This project implements the Rapidly-exploring Random Tree (RRT) algorithm for pathfinding in autonomous driving. The algorithm efficiently computes a collision-free path from a given starting point to a specified goal point on a map image, considering obstacles.
The goal of this project is to provide a reliable and fast path finding solution for autonomous vehicles using the RRT algorithm. RRT is particularly well-suited for high-dimensional spaces and dynamic environments, making it an excellent choice for real-world autonomous driving scenarios.

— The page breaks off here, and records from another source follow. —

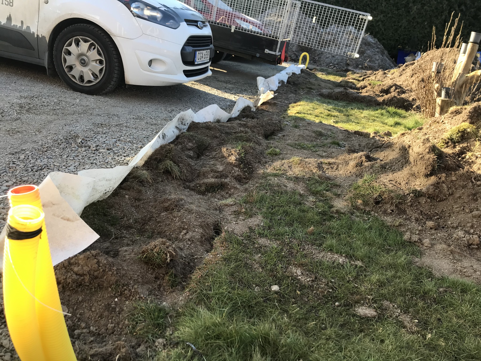 hursomhelst, väl på grävdagen så kom dom med en minigrävare och padda. De skulle gräva och vid lunch skulle lastbil komma och tippa i bärlager. Jag åkte till jobb och min grundtanke hemma med sjukt barn. Vid lunchtid ringde frun och berättade att de var långt från klara. Lastbilen kom vid 13.00, men eftersom de inte beställt en bil som kunde tippa åt sidan (smal gata) hade de bett honom att tippa 60 meter bort och flyttade sedan allt med hjälp av minigrävaren och ett litet bilsläp. Det räckte såklart inte så de hade beställt ytterligare en lastbil med bärlager som gjorde samma sak.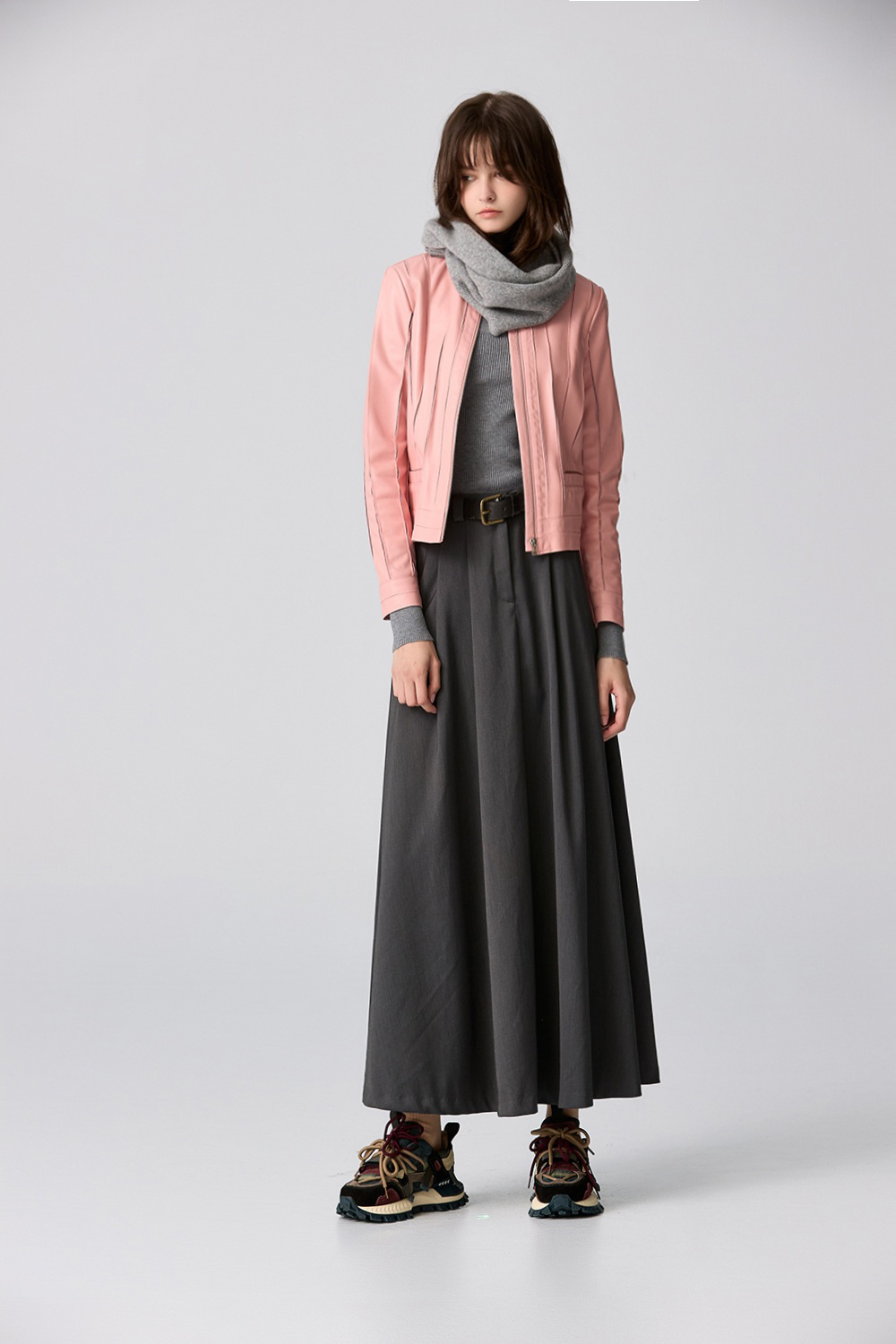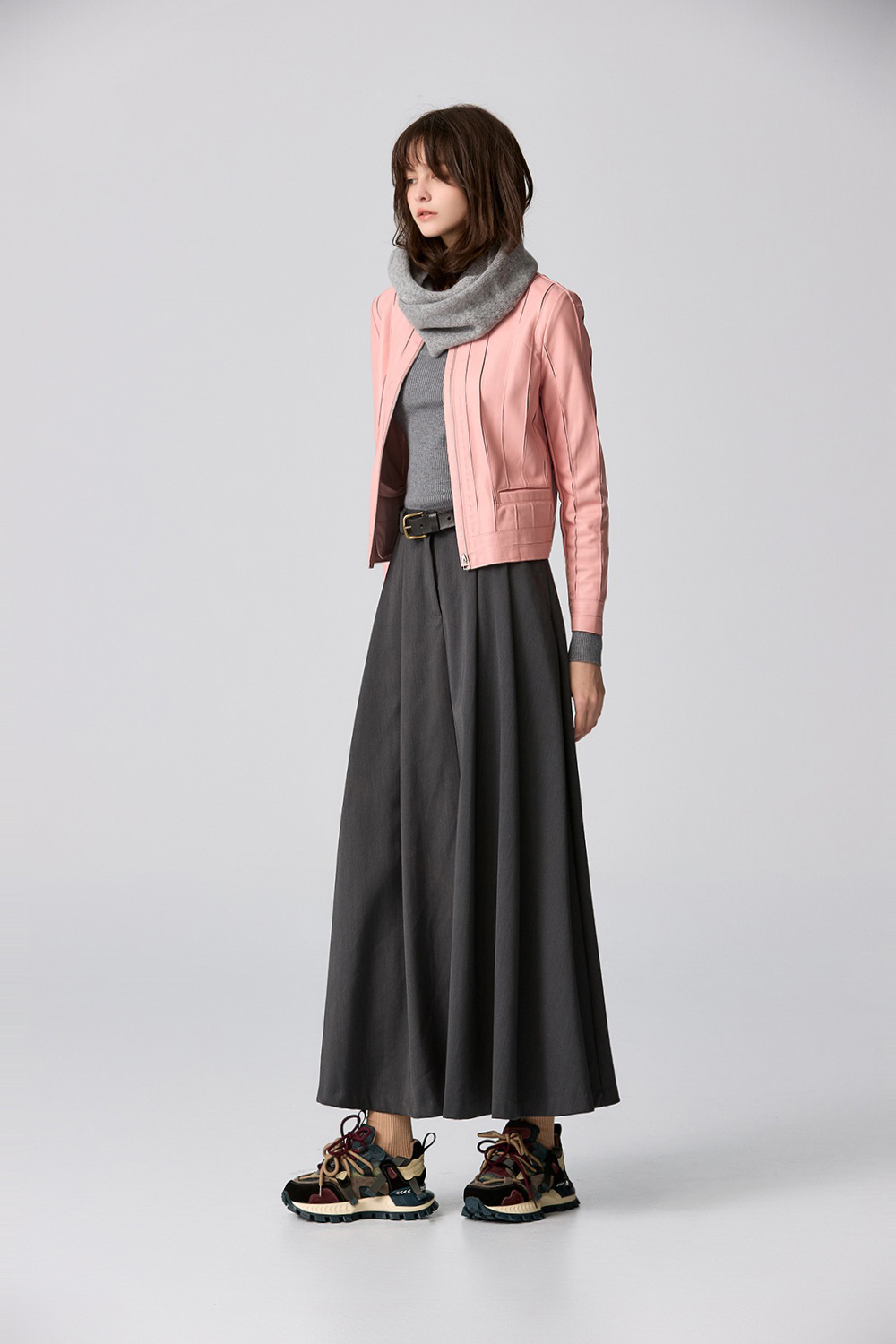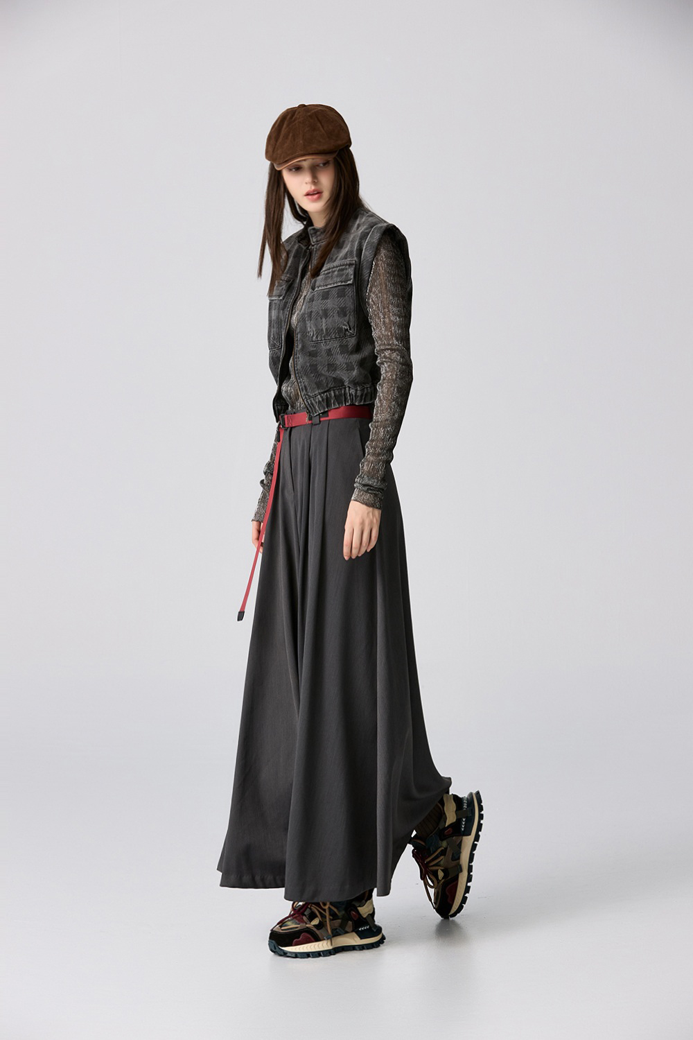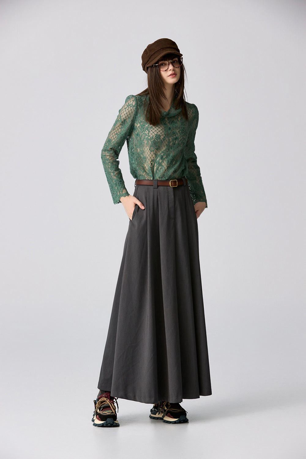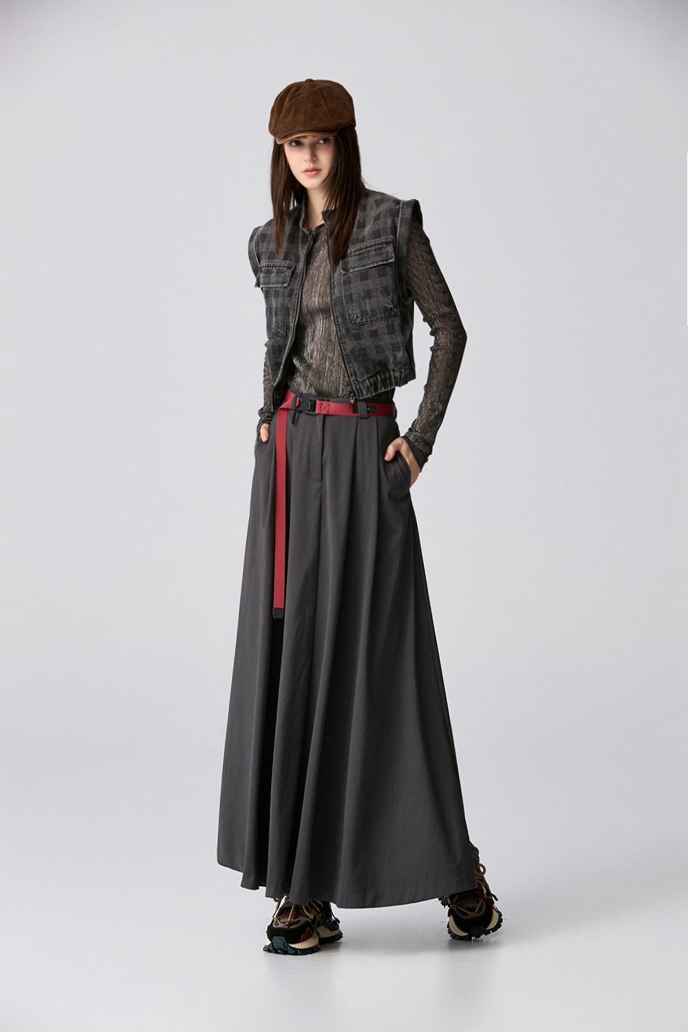 寬鬆舒適簡約抓褶裙 - 沉穩霧灰, 36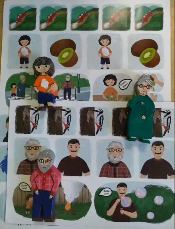 Пособие включает: - 20 карточек - действий - 20 карточек - нелепиц - 20 карточек - действий в прошедшем времени - 20 пиктограмм - 20 картинок предметов (отвечающие на вопрос «ЧЕМ» ) - 20 картинок предметов (отвеч. на вопрос «ЧТО») - 4 плашки для ассоциативного ряда - 12 картинок (отвечает на «КТО»)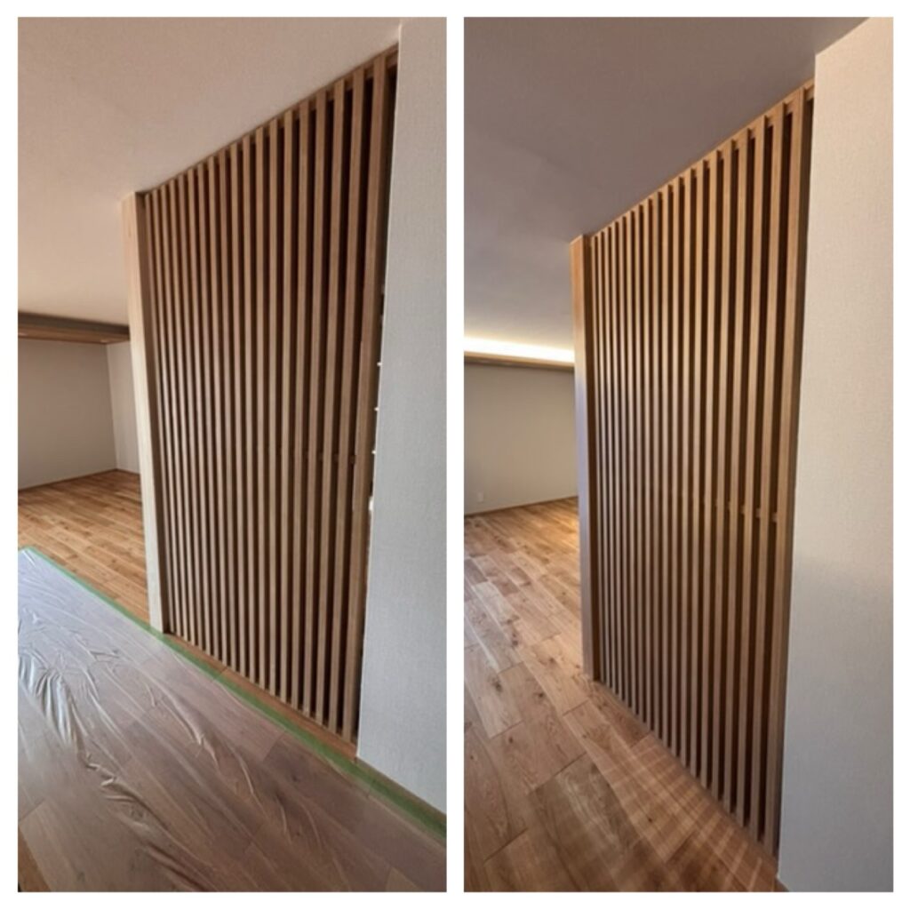 新築物件、リビングルームの格子の色に寄せた 白木染色塗装しました。

To use this project, follow the steps below:
-
Clone the repository to your local machine.
-
Ensure you have all the required dependencies installed. (Refer to the Dependencies section).
-
Prepare a map binary image where you want to find the path or use the one inside the maps directory. The map image should represent the environment with obstacles, and it should be in a common image format like PNG or JPEG and only contain pixel values as 255 (obstacle) and 0 (no-obstacle).
-
Run the
main.py
file with the required arguments in the following format:
python main.py start_x start_y goal_x goal_y map_image
start_x
andstart_y
are the x and y coordinates of the starting point, respectively.goal_x
andgoal_y
are the x and y coordinates of the goal point, respectively.map_image
is the path to the map image file.
-
The algorithm will compute the path, avoiding obstacles, and draw it on the map image.
-
The resulting map image with the path will be saved in the home directory.
To run this project, you need to have Python installed. Follow these steps to get started:
- Clone the repository:
git clone https://github.com/TejasKalsait/Path_Finding_Autonomous_driving.git
cd Path_Finding_Autonomous_driving
- Create a virtual environment (optional but recommended):
python -m venv venv
- Activate the virtual environment:
- For Windows:
venv\Scripts\activate
- For macOS and Linux:
source venv/bin/activate
- Install the required dependencies:
pip install -r requirements.txt
The project relies on the following Python libraries:
- OpenCV (cv2): For image processing and visualization.
- NumPy: For numerical operations.
- Python version > 3.8
- matplotlib
These dependencies are specified in the requirements.txt
file and will be installed during the installation process.
To run the RRT path-finding algorithm and visualize the results, use the main.py
script as explained in the How to Use section.
Upon successful execution of the main.py
script, the resulting map image will be saved in the same directory as the main.py file. The path will be drawn on the image, indicating the trajectory from the starting point to the goal point while avoiding obstacles.